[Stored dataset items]
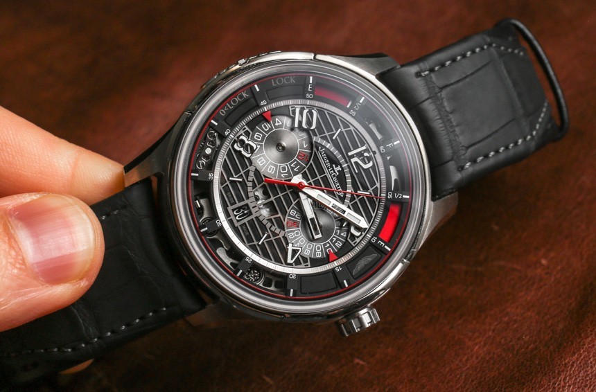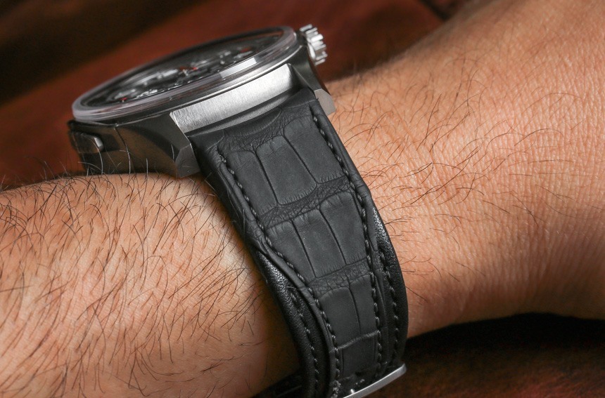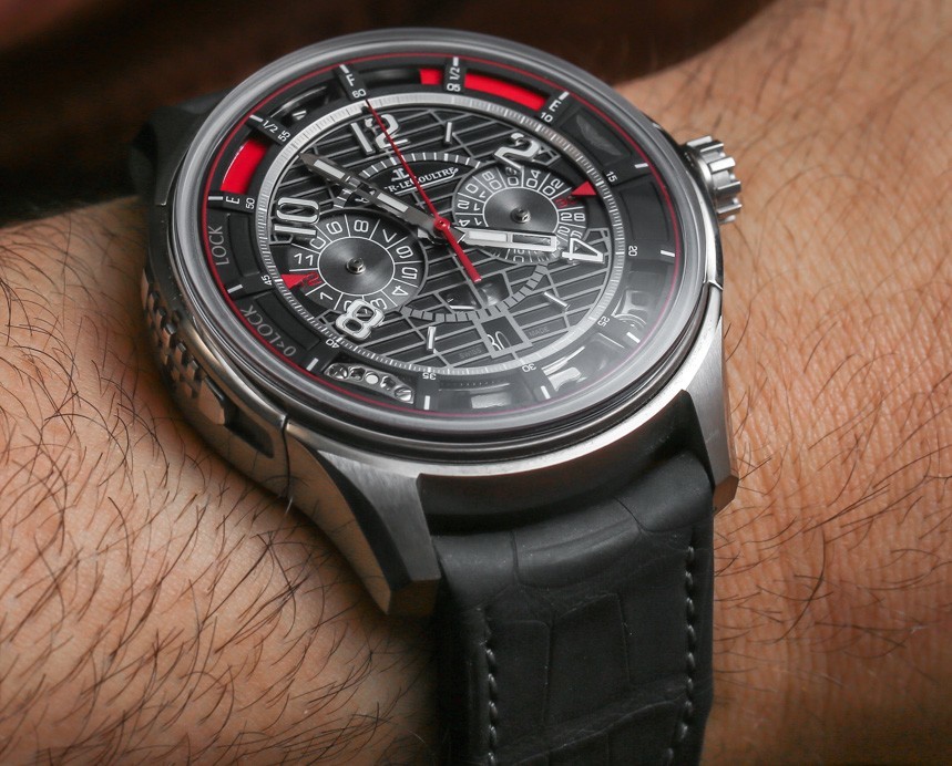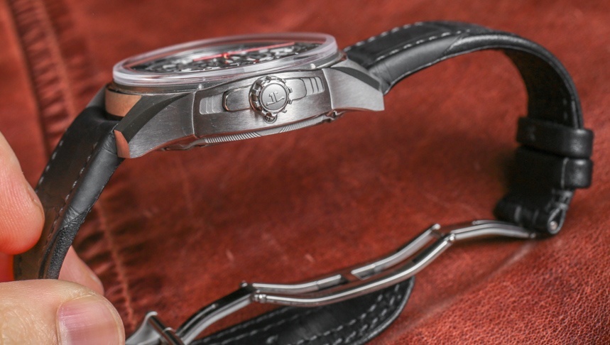表殼左側是一個開關,可讓您鎖定水晶表鏡,以免意外激活計時碼表——積家 AMVOX 7 ref 設計了一個我很欣賞的有用功能。194T470。實際上,我會借此機會向您指出我們在 2012 年首次發布 Jaeger-LeCoultre AMVOX 7 手表的原始文章,您可以在其中了解有關手表背景的更多信息。手表在視覺上很有趣,但當您佩戴它時,完整的體驗會帶來完全不同的欣賞方式。
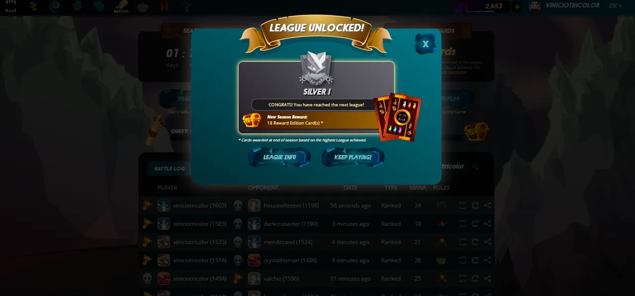 Com isso consegui chegar a prata I :) e garantir as minhas 18 cartas vamos ver se o ouro vem nessa madrugada fria.
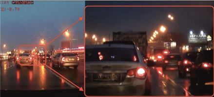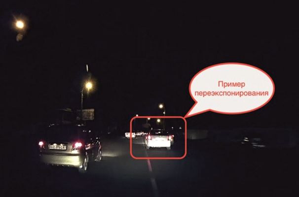 Из-за наличия в кадре источников яркого света, таких как осветительные приборы, фары встречных автомобилей, яркие неоновые вывески, одновременно с большими неосвещенными областями, видеорегистратор ошибается с экспозицией. Особенно неприятно когда «засвеченным» оказывается непосредственно номер впередиидущего автомобиля.
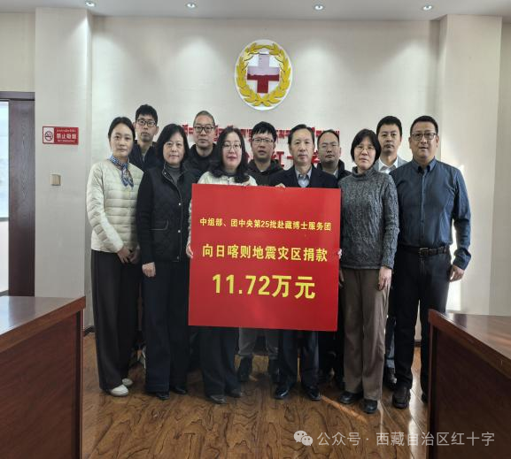 2025年1月7日,西藏日喀則市定日縣不幸遭受6.8級(jí)地震重創(chuàng),導(dǎo)致重大人員傷亡及財(cái)產(chǎn)損失。1月14日,中組部、團(tuán)中央第25批赴藏博士服務(wù)團(tuán)響應(yīng)黨中央號(hào)召順利抵達(dá)拉薩。雖然大家還沒(méi)完全克服高反帶來(lái)的不適,但災(zāi)情深深牽動(dòng)著所有博士服務(wù)團(tuán)成員的心,大家紛紛表示要捐款為災(zāi)區(qū)略盡綿薄之力。應(yīng)大家的要求,1月17日,博士服務(wù)團(tuán)舉行了抗震救災(zāi)募捐活動(dòng),共籌集善款11.72萬(wàn)元。
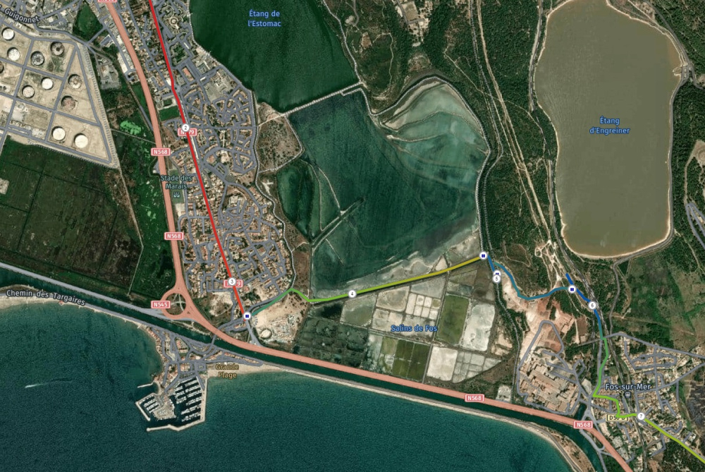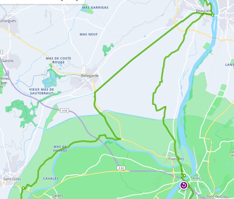 Ok, nochmal eine Nacht ohne Hotel wollte ich hier eher nicht verbringen und ich heute hab ich ja noch den halben Tag Zeit. Richtung Montpellier wäre die nächste Stadt Saintes Maries de la Mer, wo die kleine Rhone ins Meer mündet. Das wären 40km, aber mit zwei Fähren, und ich hab keine Ahnung wie die wann fahren... Also eher Richtung Marseille, dort wäre die nächste Stadt Fos sur Mer. Ins Navi eingegeben, und WTF?. Für die Luftlinie 6km berechnet mir mein Navi mal lockerflockige 197km und schickt mich zurück nach Arles, kann ja gar nicht sein!?

**What to do:** Using the records above, repeat exactly the run of lines that starts with the line with "Из-за наличия в" and goes on through the line with "2025年1月7日,西藏日喀"; omit each picture.

**Result of this exercise:**
 Из-за наличия в кадре источников яркого света, таких как осветительные приборы, фары встречных автомобилей, яркие неоновые вывески, одновременно с большими неосвещенными областями, видеорегистратор ошибается с экспозицией. Особенно неприятно когда «засвеченным» оказывается непосредственно номер впередиидущего автомобиля.
 2025年1月7日,西藏日喀則市定日縣不幸遭受6.8級(jí)地震重創(chuàng),導(dǎo)致重大人員傷亡及財(cái)產(chǎn)損失。1月14日,中組部、團(tuán)中央第25批赴藏博士服務(wù)團(tuán)響應(yīng)黨中央號(hào)召順利抵達(dá)拉薩。雖然大家還沒(méi)完全克服高反帶來(lái)的不適,但災(zāi)情深深牽動(dòng)著所有博士服務(wù)團(tuán)成員的心,大家紛紛表示要捐款為災(zāi)區(qū)略盡綿薄之力。應(yīng)大家的要求,1月17日,博士服務(wù)團(tuán)舉行了抗震救災(zāi)募捐活動(dòng),共籌集善款11.72萬(wàn)元。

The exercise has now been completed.